I am reading a book on homological algebra. In order to determine the homology group of the $2$-dimensional projective space, the author identifies the space with the southern hemisphere of $S^2$, together with $s/\{ \pm 1 \}$, $s$ denoting the equator. $\mathbb{PR}^2 = \mathbb{R}^2 \cup \ell_{\infty}$.
That is:
$P \in \mathbb{R}^2$ is identified with $P' \in S^2$. $A$ and $B$ on $s$ represents the same point in $\mathbb{PR}^2$.

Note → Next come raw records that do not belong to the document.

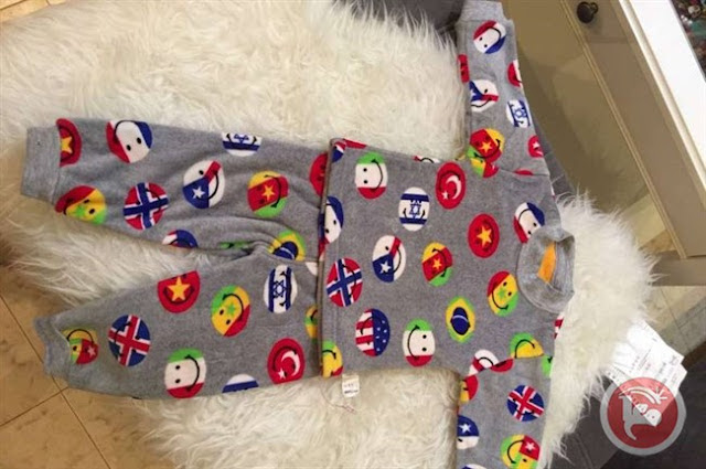Apparently, the sweep of clothing stores also resulted in finding these offensive pajamas that included an Israeli flag among many others:
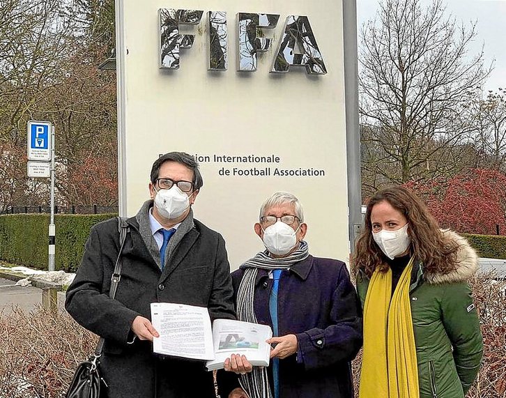 El presidente Luis Mari Elustondo y la vicepresidenta Nerea Zalabarria acudieron a las sedes de la FIFA en Zúrich y la UEFA en Nyon acompañados por el director de Deportes de Lakua, Jon Redondo, y el abogado David Salinas-Armendariz.
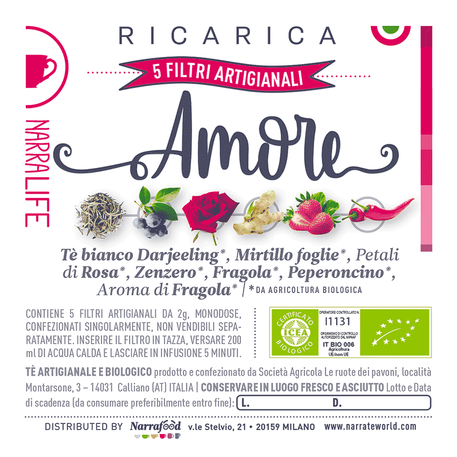 La confezione in cartoncino biodegradabile, contiene 5 filtri monodose del blend AMORE. Ogni filtro è ARTIGIANALE, BIOLOGICO e MADE IN ITALY, ciascuno con 2g di tè di alta qualità taglio tisana. Non è provvisto né di filo né di pendulino in carta per non aggiungere altri elementi potenzialmente inquinanti sia nell’infuso che nella filiera di produzione. La piccola azienda agricola piemontese con la quale formuliamo gli aromi per ogni titolo, li confeziona assieme ai tè, applica le più rigorose politiche di rispetto e tutela sia ambientali che lavorative. La certificazione biologica è invece affidata a ICEA.

Then, this hemisphere is homeomorphic to a disk, and this disk is transformed continuously to a rectangular:
And this can be simplified to:
I can understand the first two parts, but I don't know how does the simplification take place.
Would you please give me some instructions? Many thanks?
These pictures are posted on a Chinese website, and I hope they can be seen to everyone.
Best Answer
All that is going on is a consolidation of adjacent triangles to give cells. As @Mariano and @Jim Conant pointed out in the comments, picture 2 is a triangulation, while picture 3 is an equivalent CW-decomposition.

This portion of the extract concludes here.